So there’s going to be some morning drinkin’ for your Red Sox-Yankees watch parties this weekend if you’re celebrating the first Major League Baseball regular season games held in Europe when these two historical rivals square off in London. Game 1 is Saturday starting at 1:10 p.m. Eastern, and Sunday’s first pitch is 10:10 a.m. To get you ready with a little knowledge , we’ve compiled a list of 5 things you need to know about the upcoming series. Here goes:
1. Don’t let all the Yankee caps fool you. Just because a lot of people in London wear the garb doesn’t mean that England is teeming with Yankee fans. Many wear them purely for the fashion statement. One such man was asked recently by a reporter from the Boston Globe if he could name one single Yankee player. Babe Ruth was his answer. Hey, that’s a pretty good Yankee if you’re going to name one….but you get the point.

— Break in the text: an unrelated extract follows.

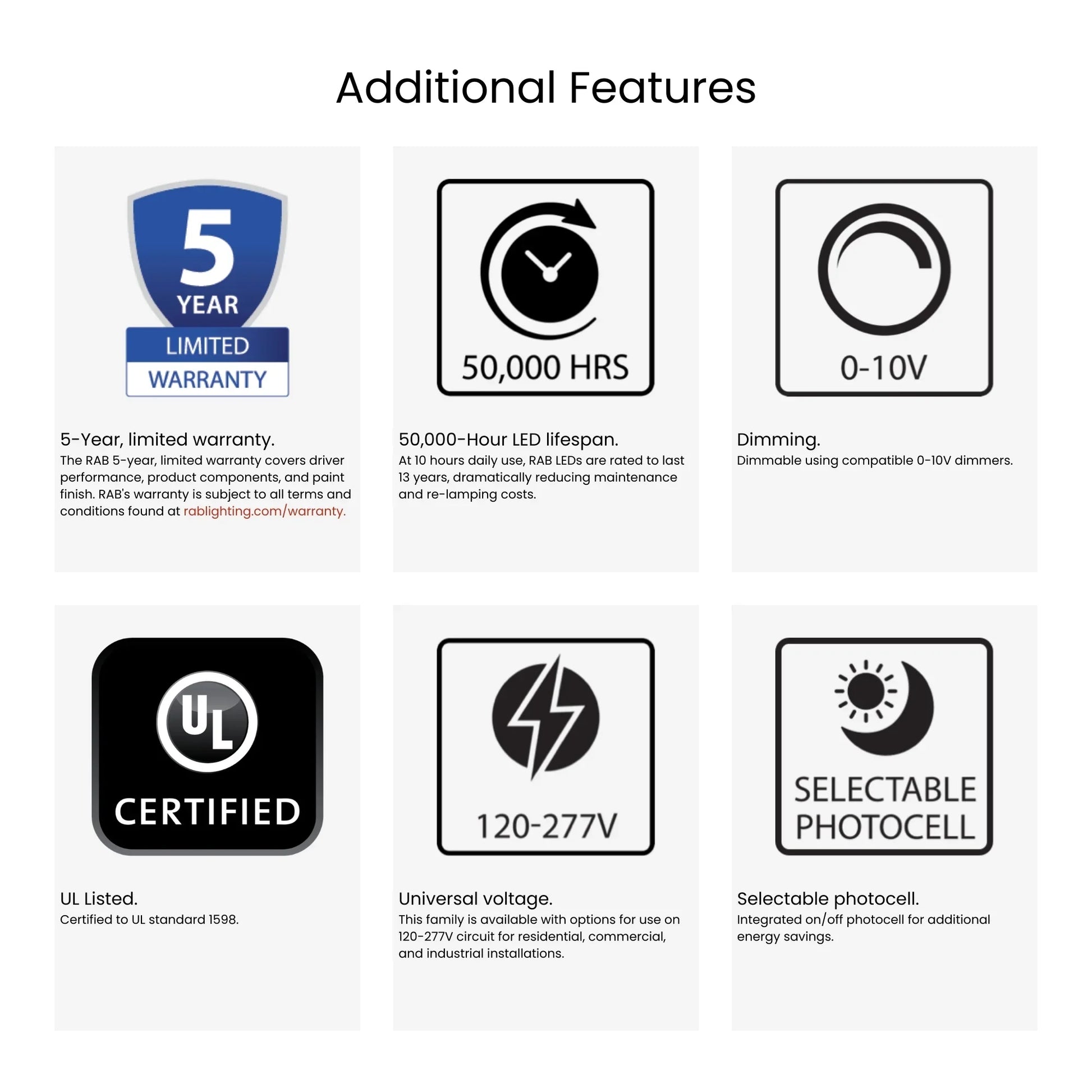 - Integrated Photocell: Built-in dusk-to-dawn photocell with a manual on/off switch provides automated security and maximum energy efficiency.

2. Why exactly is MLB playing this series in London again? Commissioner Rob Manfred explained to reporters after the recent Owners Meetings . “I hope that the two games in London will be viewed as sort of a groundbreaking, artistic success. We have devoted a tremendous amount of resources. We’re taking probably the greatest rivalry – certainly in baseball, if not in sports – for two games. We sold like crazy right out of the gate in terms of tickets and sold the two games out in a very short period of time. And we’re hoping it generates buzz around the game that will give us a toehold into a very important market in Europe.”
3. While we were reading that Manfred quote in a terrific story about the upcoming series by MLB.com’s Jon Paul Morosi, we also read where Morosi explained that according to author David Block the game of baseball is actually returning home. Block makes the compelling case that baseball was invented not in Cooperstown, N.Y. but in England in the mid-1700s, a quarter century before the U.S. gained its independence.
4. The series is being played at London Stadium, which was built for the 2012 Olympics and is home to West Ham United of the Premier League. After two years of planning, MLB, led by groundskeeping guru Murray Cook, is using just 21 days to convert a soccer pitch into a baseball field. They will play on synthetic turf. Cook had originally hoped to use natural grass but given the fact that they’re tearing down the field five days after the series is over – and plan to play another series at London Stadium next season – turf made the most sense. I know all of this, by the way, because I wrote an article for Baseball America on the subject.
5. Speaking of next year, Manfred has already announced that the MLB series in London in 2020 will feature another pretty good rivalry: the Chicago Cubs and St. Louis Cardinals will face off at London Stadium on June 13 and 14 of next year.